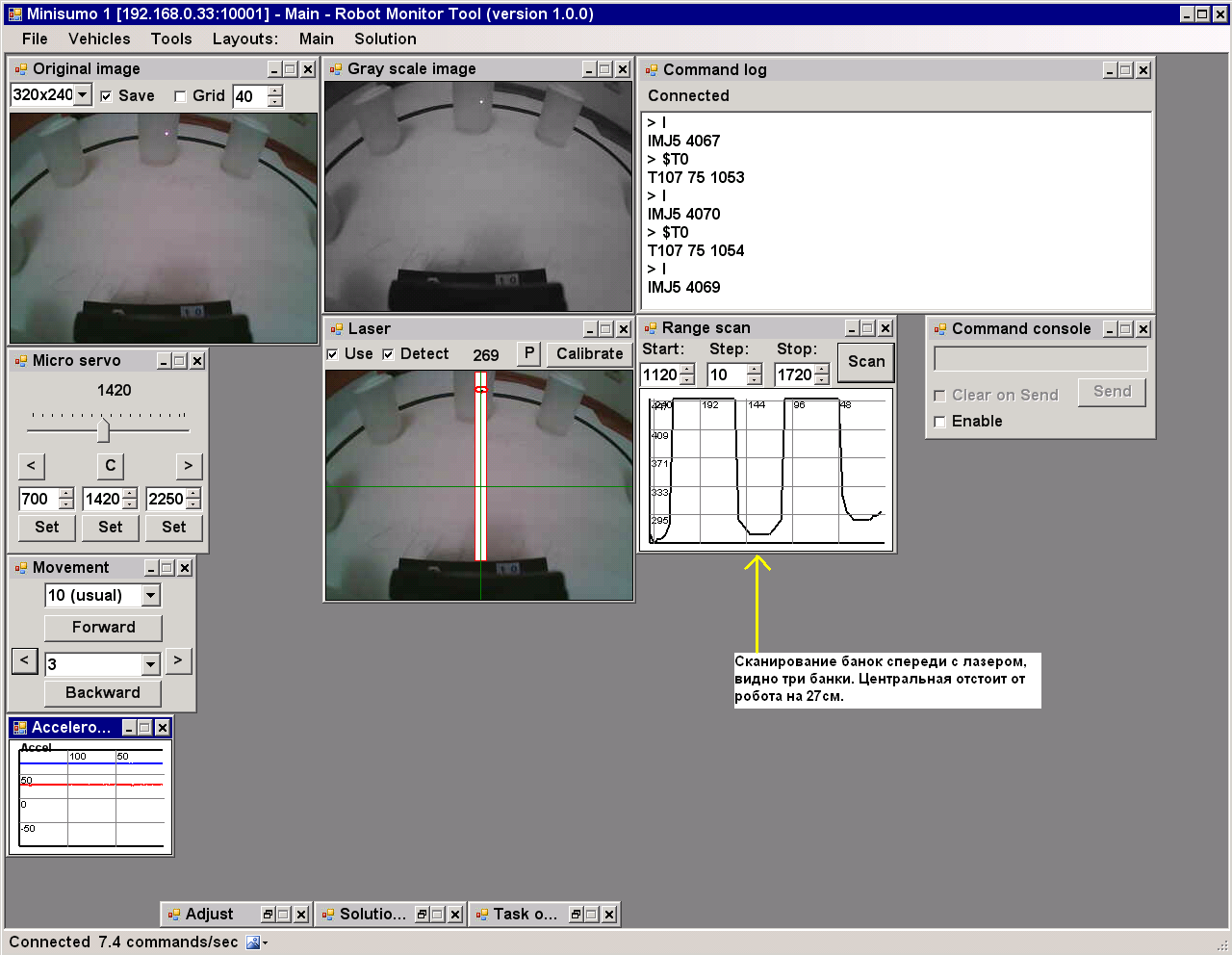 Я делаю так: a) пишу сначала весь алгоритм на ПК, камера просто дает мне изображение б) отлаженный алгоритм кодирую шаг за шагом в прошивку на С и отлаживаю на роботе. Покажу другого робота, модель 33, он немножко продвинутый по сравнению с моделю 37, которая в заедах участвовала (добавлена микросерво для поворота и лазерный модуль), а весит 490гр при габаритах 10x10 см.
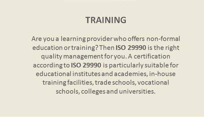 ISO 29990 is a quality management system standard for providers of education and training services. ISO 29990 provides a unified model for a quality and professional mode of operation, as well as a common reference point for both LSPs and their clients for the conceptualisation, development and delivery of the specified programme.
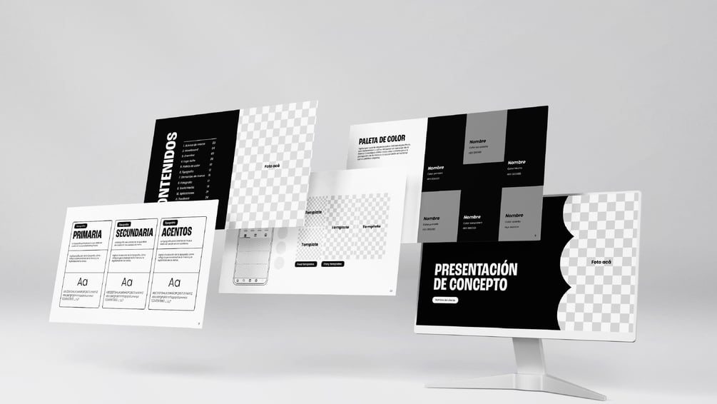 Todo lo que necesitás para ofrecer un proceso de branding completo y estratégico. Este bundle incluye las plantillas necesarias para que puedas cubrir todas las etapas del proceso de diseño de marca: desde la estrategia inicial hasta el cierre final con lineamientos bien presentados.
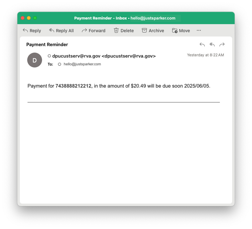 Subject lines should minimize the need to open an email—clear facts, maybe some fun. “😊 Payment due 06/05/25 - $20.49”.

────

• **Directions**
Every line above is to be written out unchanged, with the pictures omitted.

• **Completed task**
 Я делаю так: a) пишу сначала весь алгоритм на ПК, камера просто дает мне изображение б) отлаженный алгоритм кодирую шаг за шагом в прошивку на С и отлаживаю на роботе. Покажу другого робота, модель 33, он немножко продвинутый по сравнению с моделю 37, которая в заедах участвовала (добавлена микросерво для поворота и лазерный модуль), а весит 490гр при габаритах 10x10 см.
 ISO 29990 is a quality management system standard for providers of education and training services. ISO 29990 provides a unified model for a quality and professional mode of operation, as well as a common reference point for both LSPs and their clients for the conceptualisation, development and delivery of the specified programme.
 Todo lo que necesitás para ofrecer un proceso de branding completo y estratégico. Este bundle incluye las plantillas necesarias para que puedas cubrir todas las etapas del proceso de diseño de marca: desde la estrategia inicial hasta el cierre final con lineamientos bien presentados.
 Subject lines should minimize the need to open an email—clear facts, maybe some fun. “😊 Payment due 06/05/25 - $20.49”.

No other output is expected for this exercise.